● Work to be completed
Beginning with the opening line of the entries, return every line through the one containing "典型的大企業(yè),其電話", both included, and nothing else. Omit pictures.

Source data:
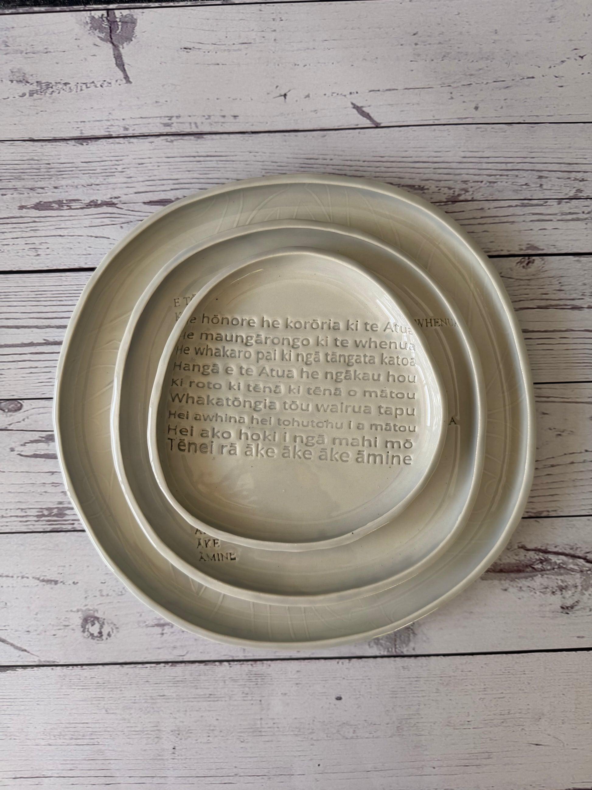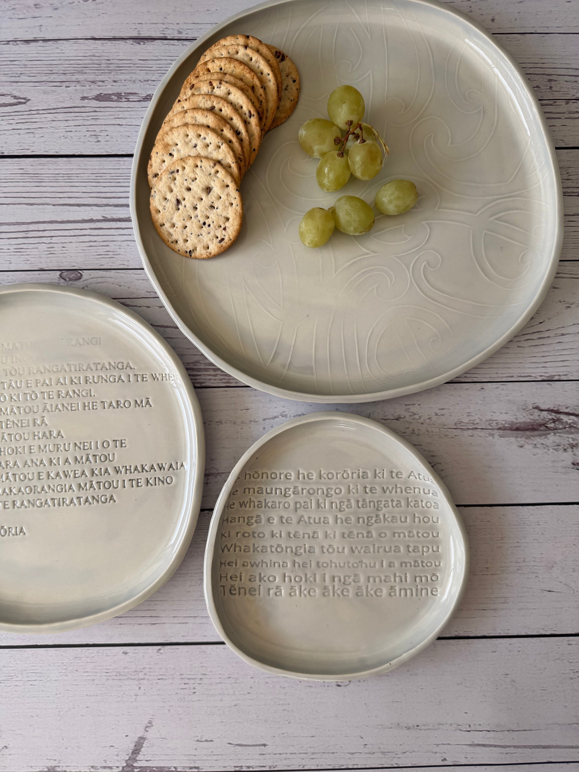 Beautifully presented, 3 different sized platters with karakia and Māori designs on them.
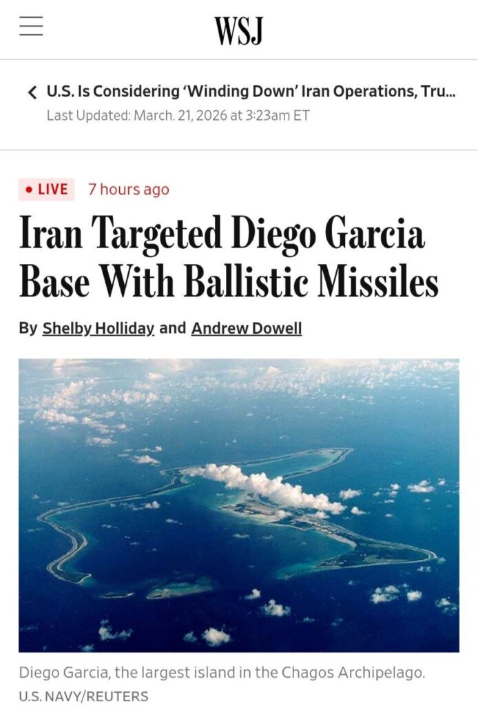 The Wall Street Journal published an article about this news, which is unpleasant for Trump. According to the report, Iran attacked a base on the island of Diego Garcia (in the Indian Ocean). Two long range missiles were launched, one fell short of its target, and the second was shot down by an American destroyer guarding the sea.
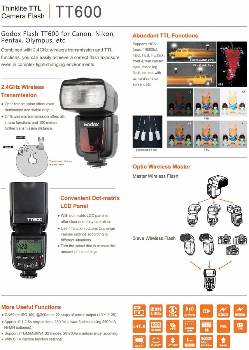 Godox TT600 Speedlite Flash with Built-in 2.4G Wireless Transmission for Canon, Nikon, Pentax, Olympus and Other Digital Cameras with Standard Hotshoe |
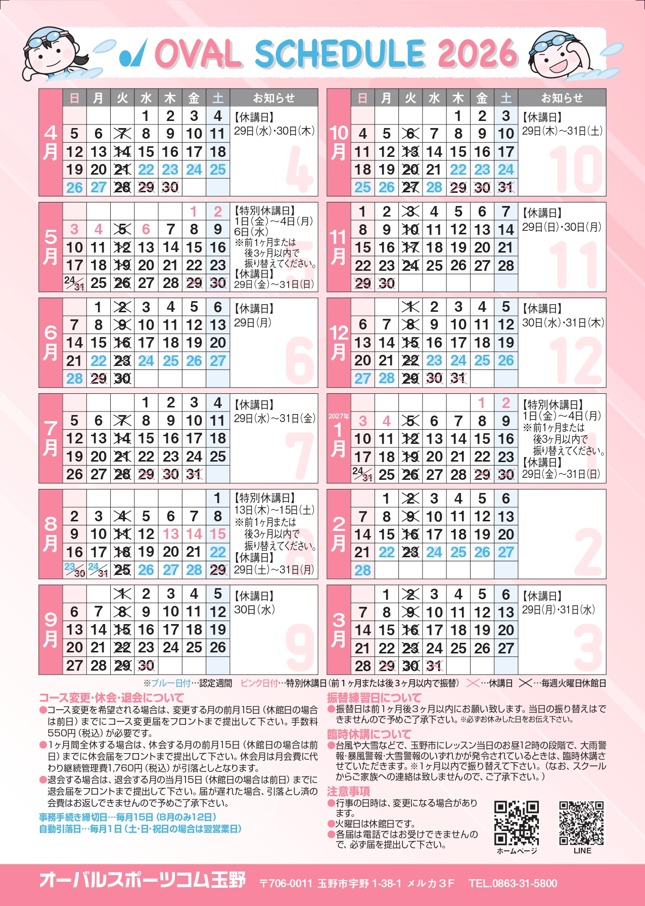 2026年スクールカレンダー玉野
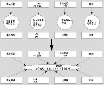 典型的大企業(yè),其電話會(huì)議,視頻會(huì)議以及網(wǎng)絡(luò)與數(shù)據(jù)會(huì)議通常是相互獨(dú)立的系統(tǒng)。UCC可以實(shí)現(xiàn)各種通信平臺(tái)的協(xié)同工作,員工只需使用一個(gè)通用界面便可調(diào)用多種終端設(shè)備。它將視頻會(huì)議、音頻會(huì)議、短消息以及網(wǎng)絡(luò)接入結(jié)合在一起。還能結(jié)合IP電話功能,如狀態(tài)信息功能等。本專題專門(mén)介紹了業(yè)界較為成功的幾種融合視頻概念和產(chǎn)品。
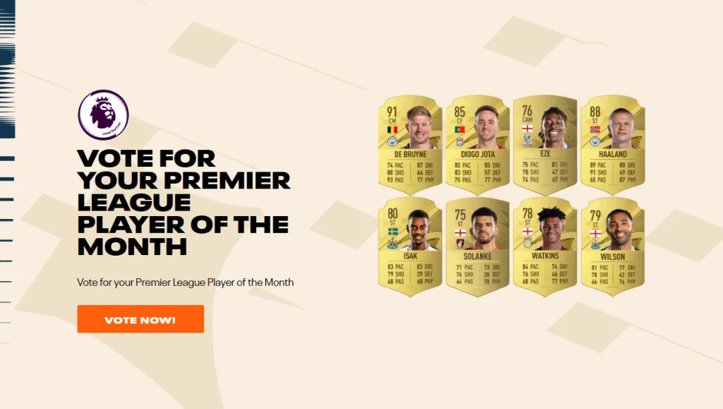 Cada mes, EA Sports celebra al mejor jugador de cada liga grande europea con una carta especial de POTM (Player of the Month) en el Ultimate Team de FIFA 23. En el caso de la Premier League, ya están los jugadores nominados y desde ahora mismo se puede votar a nuestro elegido.
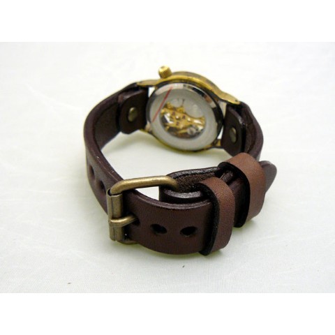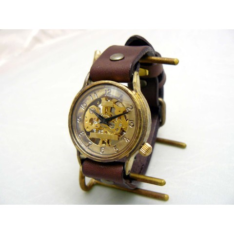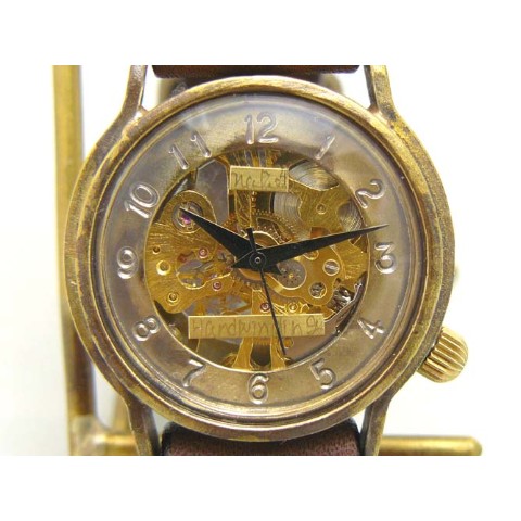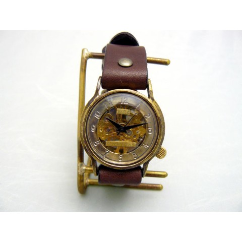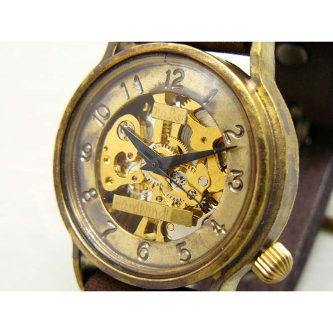 機械式手巻きモデル。機械の動きが楽しめる裏表スケルトン仕様です。時間表示をドーナツ盤に刻印し、視認性をアップさせています。ケース直径約32mmですので、男女問わずつけて頂けます。機械式ムーブメント、レトロなケースデザイン、アンティーク感ある真鍮の素材感がマッチしたモデルです。手巻きモデルですので、巻き上げないと止まってしまいます。いっぱいまで巻き上げて、1日?1日半動き続けます。ご注文から制作しますので、お届けまでに約3週間から1か月程お時間を頂きます。
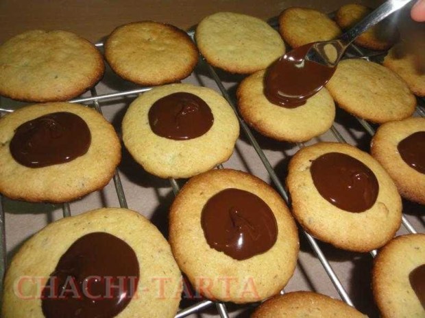 Con una cucharilla escurre por el centro de cada galleta, sin llegar a los bordes, e inmediatamente espolvorea con pistachos triturados para darle un poco de color. Que guapas quedan y además buenísimas!!… muy recomendables.
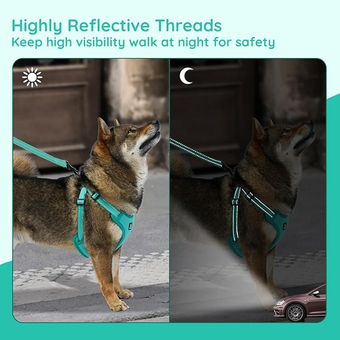 - 【REFLECTIVE HARNESS】With reflective strip design, the dog harness strip provides extra visibility and safety for day or night walking. The leash also has reflective strip, more safety.
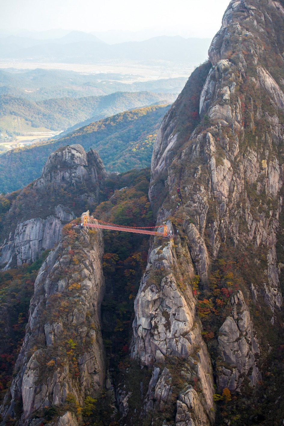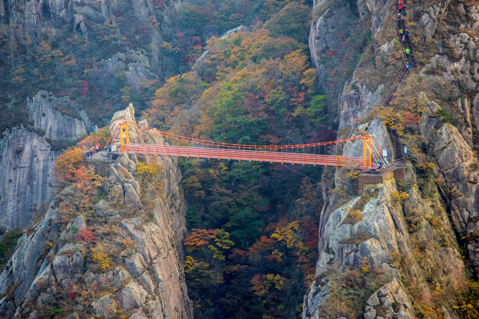 ▼ 드디어 구름다리 정면 앞까지 왔다. 내가 제일 궁금해 하던 위치에서 구름다리를 보며 이렇게 촬영할 수 있다니, 더군다나 가을정취를 흠뻑 느낄 수 있는 풍경이어서 오늘의 하이라이트 풍경이라 해도 과언은 아니겠다.

● Answer area
 Beautifully presented, 3 different sized platters with karakia and Māori designs on them.
 The Wall Street Journal published an article about this news, which is unpleasant for Trump. According to the report, Iran attacked a base on the island of Diego Garcia (in the Indian Ocean). Two long range missiles were launched, one fell short of its target, and the second was shot down by an American destroyer guarding the sea.
 Godox TT600 Speedlite Flash with Built-in 2.4G Wireless Transmission for Canon, Nikon, Pentax, Olympus and Other Digital Cameras with Standard Hotshoe |
 2026年スクールカレンダー玉野
 典型的大企業(yè),其電話會(huì)議,視頻會(huì)議以及網(wǎng)絡(luò)與數(shù)據(jù)會(huì)議通常是相互獨(dú)立的系統(tǒng)。UCC可以實(shí)現(xiàn)各種通信平臺(tái)的協(xié)同工作,員工只需使用一個(gè)通用界面便可調(diào)用多種終端設(shè)備。它將視頻會(huì)議、音頻會(huì)議、短消息以及網(wǎng)絡(luò)接入結(jié)合在一起。還能結(jié)合IP電話功能,如狀態(tài)信息功能等。本專題專門(mén)介紹了業(yè)界較為成功的幾種融合視頻概念和產(chǎn)品。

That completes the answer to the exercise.